Vincent Brisby

No. 82
- Position: Wide receiver

Personal information
- Born: January 25, 1971 (age 55) Houston, Texas, U.S.
- Listed height: 6 ft 1 in (1.85 m)
- Listed weight: 188 lb (85 kg)

Career information
- High school: Washington-Marion (Lake Charles, Louisiana)
- College: Northeast Louisiana
- NFL draft: 1993: 2nd round, 56th overall pick

Career history
- New England Patriots (1993–1999); New York Jets (2000);

Awards and highlights
- PFWA All-Rookie Team (1993);

Career NFL statistics
- Receptions: 221
- Receiving yards: 3,202
- Receiving touchdowns: 14
- Stats at Pro Football Reference

= Vincent Brisby =

American football player (born 1971)

Vincent Cole Brisby (born January 25, 1971) is an American former professional football player who was a wide receiver for the New England Patriots and the New York Jets in the National Football League (NFL). He was selected by the Patriots in the second round of the 1993 NFL draft, the team's fourth selection after quarterback Drew Bledsoe, DL Chris Slade, and OL Todd Rucci during their re-building phase that started with the hiring of Bill Parcells. Standing at 6'3" and 193 lb. from Northeast Louisiana University (now called University of Louisiana at Monroe), Brisby played eight NFL seasons from 1993 to 2000 for the Patriots and New York Jets. He was given the nickname Vincent "Ultimate" Brisby by ESPN analyst Chris Berman. Brisby's best game was arguably Week 5 in his second season. He compiled 6 catches for 117 yards and two touchdowns in the Patriots 17–16 comeback win over the Green Bay Packers.

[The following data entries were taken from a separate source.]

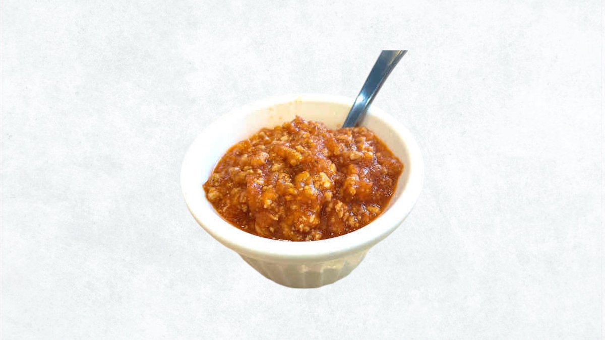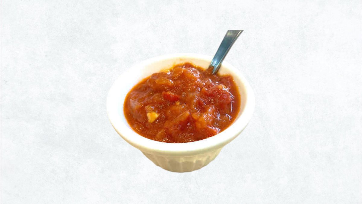 大好評の自家製ピリ辛トマトのサルサソース。ローストチキンや、ターメリックライスに最高によく合います。 / Our highly popular homemade spicy tomato salsa sauce. It pairs perfectly with roast chicken and turmeric rice.
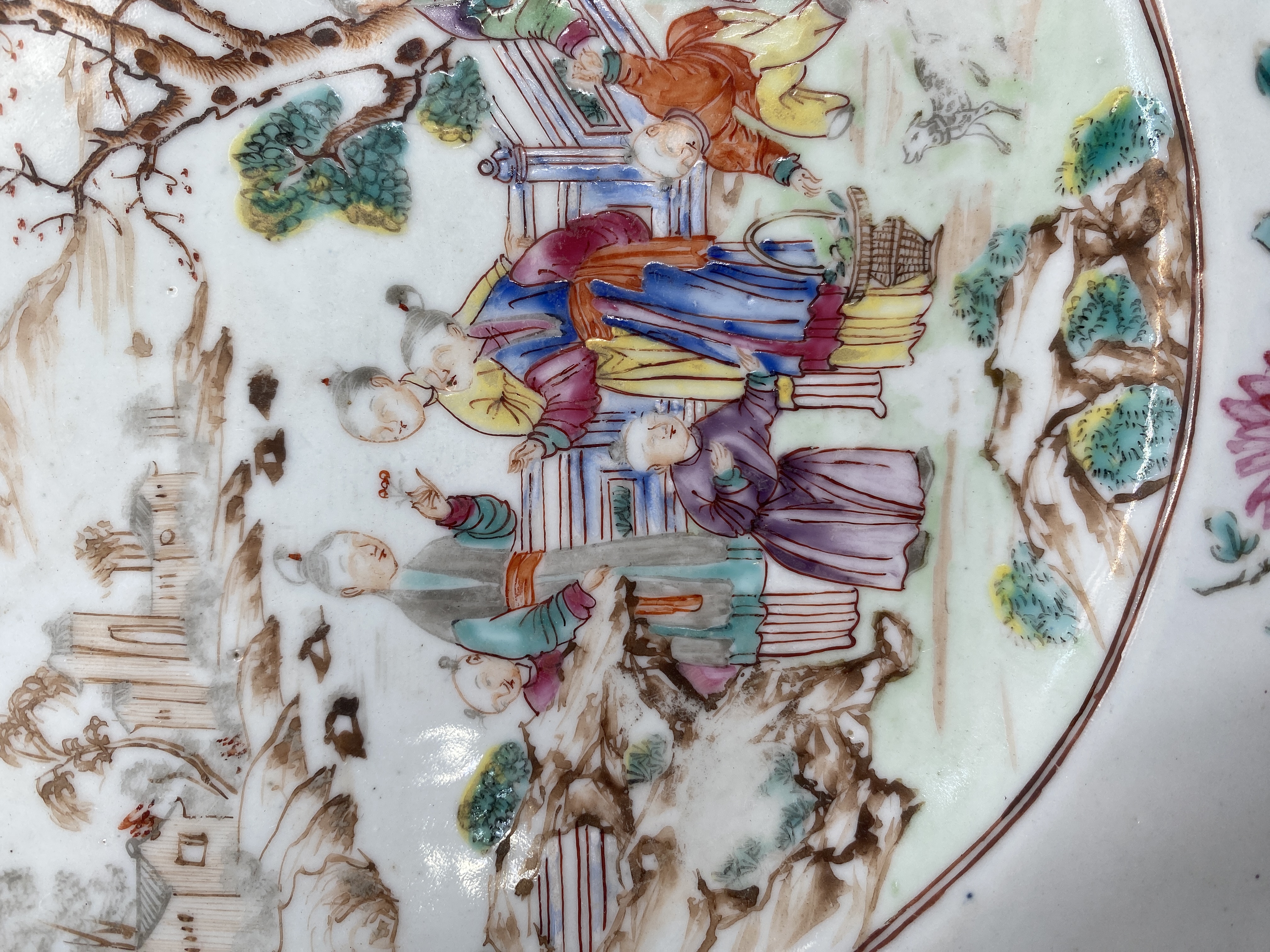 清广彩庭院人物图八方盘
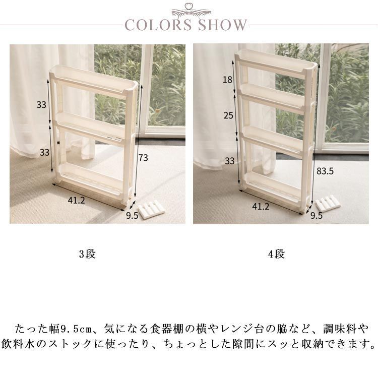 たった幅9.5cm、気になる食器棚の横やレンジ台の脇など、調味料や飲料水のストックに使ったり、ちょっとした隙間にスッと収納できます。
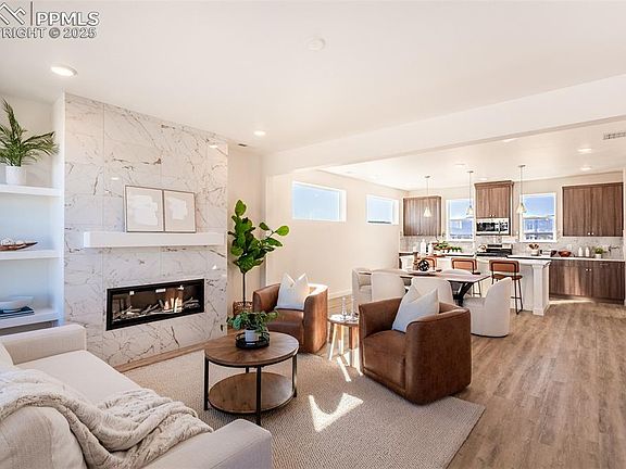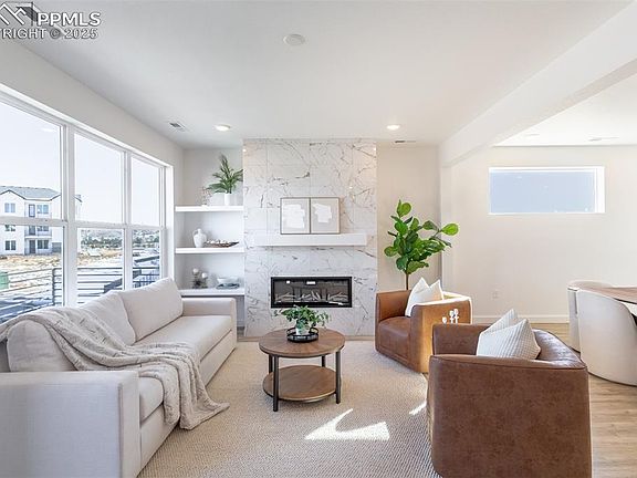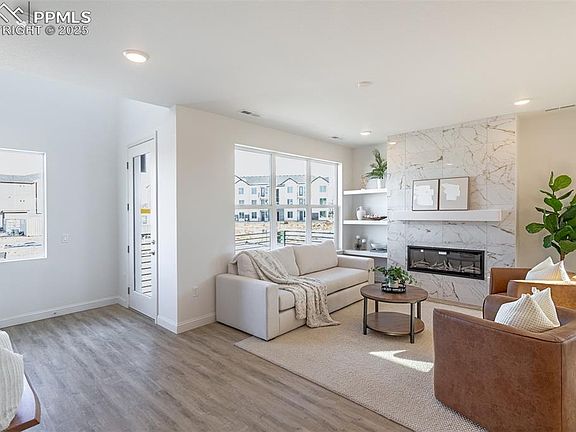 Discover one of the most private and sought-after lots in the Parkside at Victory Ridge community, where luxury and serenity come together in this exceptional Tristyn floor-plan. This stunning three-story row home offers sophisticated design, premium features, and an unbeatable location backing to open space, providing the perfect retreat for modern living. Step inside to a thoughtfully designed entry level, featuring a versatile flex space and a convenient mudroom that seamlessly blend practicality with style. Whether you need a home office, gym, or extra storage, this space adapts to your needs. On the main level, elegance takes center stage. A grand two-story foyer welcomes you into the expansive great room, which flows effortlessly onto a private deck, offering a seamless indoor-outdoor living experience. The kitchen is a culinary dream, boasting a spacious island, cozy dining area, and an oversized walk-in pantry, making it perfect for entertaining or everyday living. The upper level is dedicated to rest and relaxation. Two spacious secondary bedrooms share a full hall bathroom, while the convenient laundry room simplifies daily chores. The luxurious primary suite is a true sanctuary, featuring a roomy walk-in closet and a spa-like bathroom with dual vanities, offering the perfect place to unwind. With its premium lot backing to open space, high-end features, and a location that combines convenience and tranquility, the Tristyn floorplan is a rare find in Colorado Springs. Schedule a tour today and experience the perfect balance of luxury and privacy at Parkside at Victory Ridge.

Brisby was a member of the Patriots' 1996 AFC Championship squad. He injured his hamstring in pre-season that year and did not get into a game until Week 12, then missed two more games at which point his coach Bill Parcells was memorably quoted as saying that he himself had "recovered from open-heart surgery faster than he (Brisby) has (from the hamstring injury)...That's the truth. I'm not kidding you." After playing in only three regular season games and catching no passes at all in the regular season, divisional play-off, or AFC Championship, Brisby had two catches against the Green Bay Packers in Super Bowl XXXI.